▶ _Your objective_
Could you set down the lines from the first line of the entries below through the line with "Herome 4-Way Perfect", exactly and with no pictures?

________________________

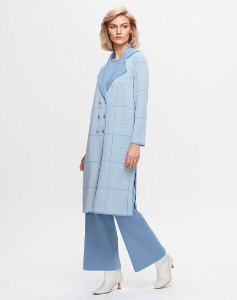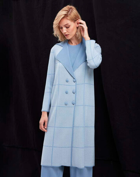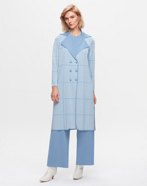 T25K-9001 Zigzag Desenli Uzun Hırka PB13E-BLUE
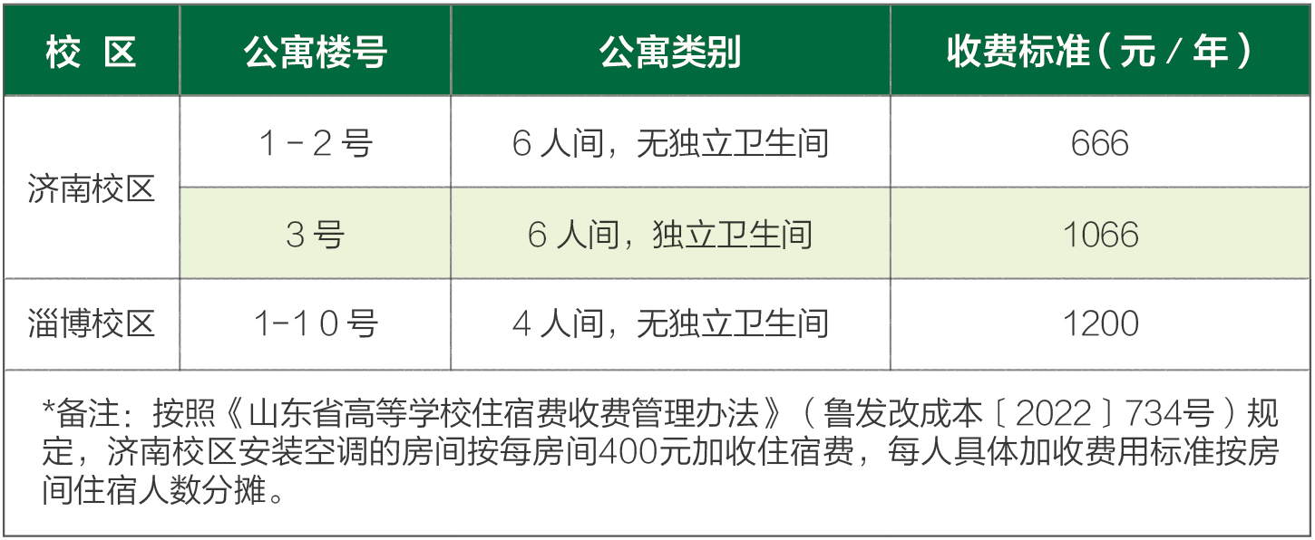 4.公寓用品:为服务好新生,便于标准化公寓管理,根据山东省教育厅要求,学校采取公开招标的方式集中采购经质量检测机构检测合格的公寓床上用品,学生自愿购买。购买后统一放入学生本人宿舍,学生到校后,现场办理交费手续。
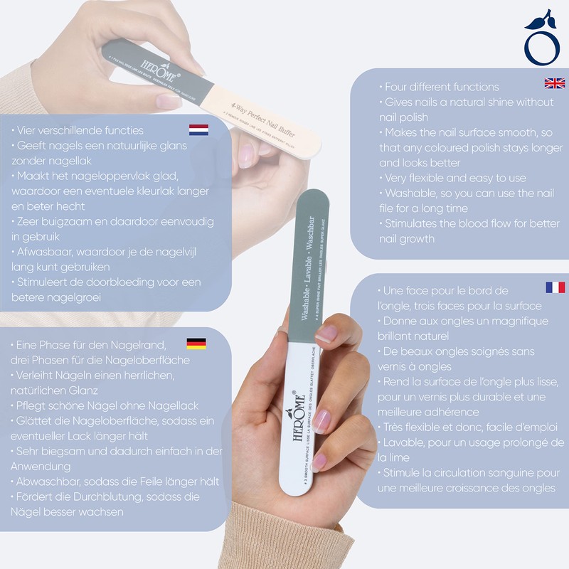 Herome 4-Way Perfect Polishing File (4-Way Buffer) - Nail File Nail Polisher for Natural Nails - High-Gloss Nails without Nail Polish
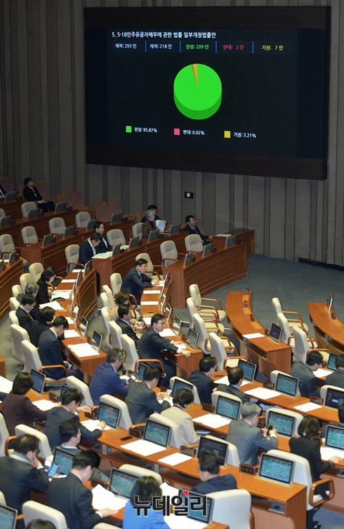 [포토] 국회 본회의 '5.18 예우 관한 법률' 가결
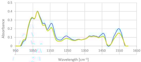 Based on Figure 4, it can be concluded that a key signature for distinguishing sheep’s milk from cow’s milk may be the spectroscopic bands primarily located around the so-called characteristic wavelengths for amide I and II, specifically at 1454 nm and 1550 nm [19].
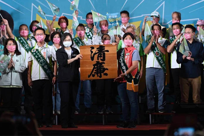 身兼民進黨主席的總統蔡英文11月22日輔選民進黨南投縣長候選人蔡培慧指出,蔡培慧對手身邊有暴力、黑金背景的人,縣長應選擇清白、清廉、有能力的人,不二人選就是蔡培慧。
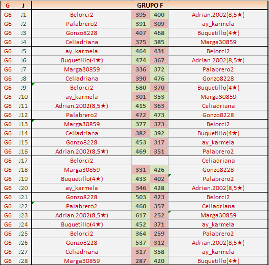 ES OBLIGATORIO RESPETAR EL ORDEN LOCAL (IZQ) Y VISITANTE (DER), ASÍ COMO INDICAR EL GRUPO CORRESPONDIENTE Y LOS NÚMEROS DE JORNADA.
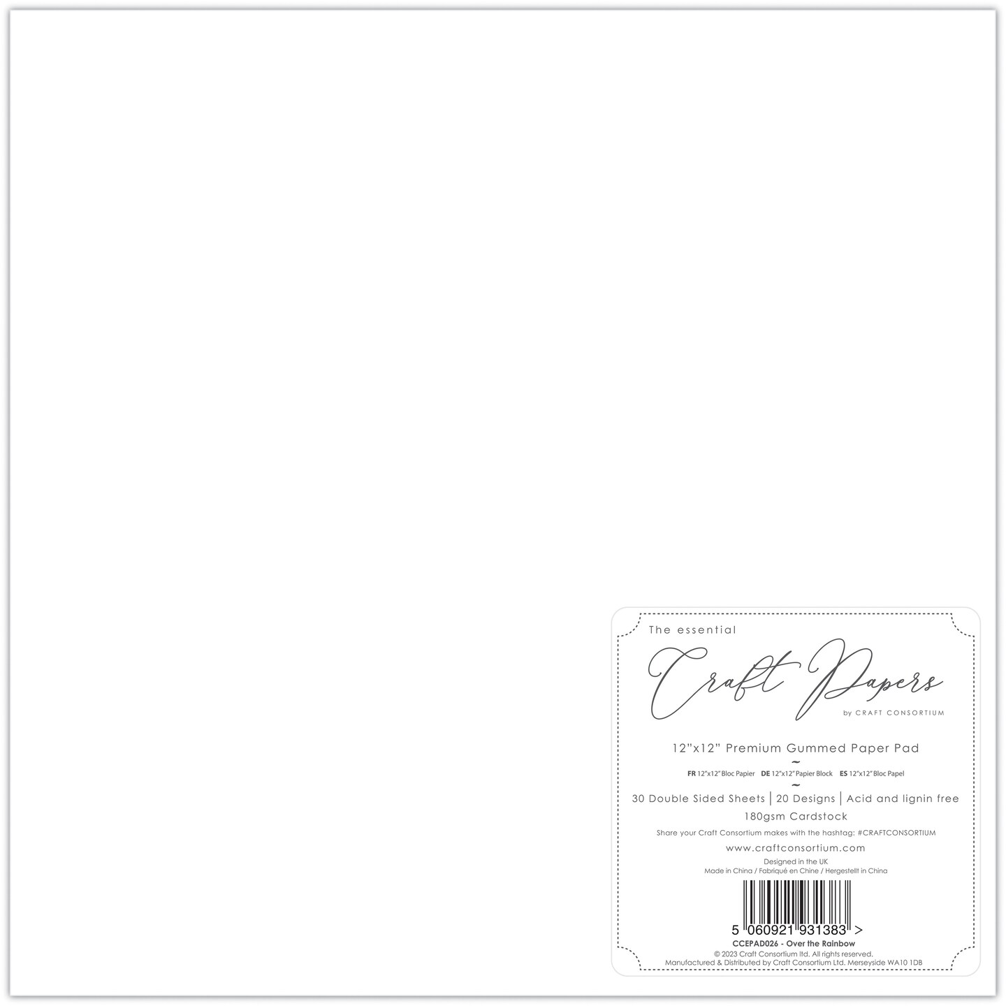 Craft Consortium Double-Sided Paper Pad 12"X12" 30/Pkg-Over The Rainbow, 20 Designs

________________________

▶ _The answer_
 T25K-9001 Zigzag Desenli Uzun Hırka PB13E-BLUE
 4.公寓用品:为服务好新生,便于标准化公寓管理,根据山东省教育厅要求,学校采取公开招标的方式集中采购经质量检测机构检测合格的公寓床上用品,学生自愿购买。购买后统一放入学生本人宿舍,学生到校后,现场办理交费手续。
 Herome 4-Way Perfect Polishing File (4-Way Buffer) - Nail File Nail Polisher for Natural Nails - High-Gloss Nails without Nail Polish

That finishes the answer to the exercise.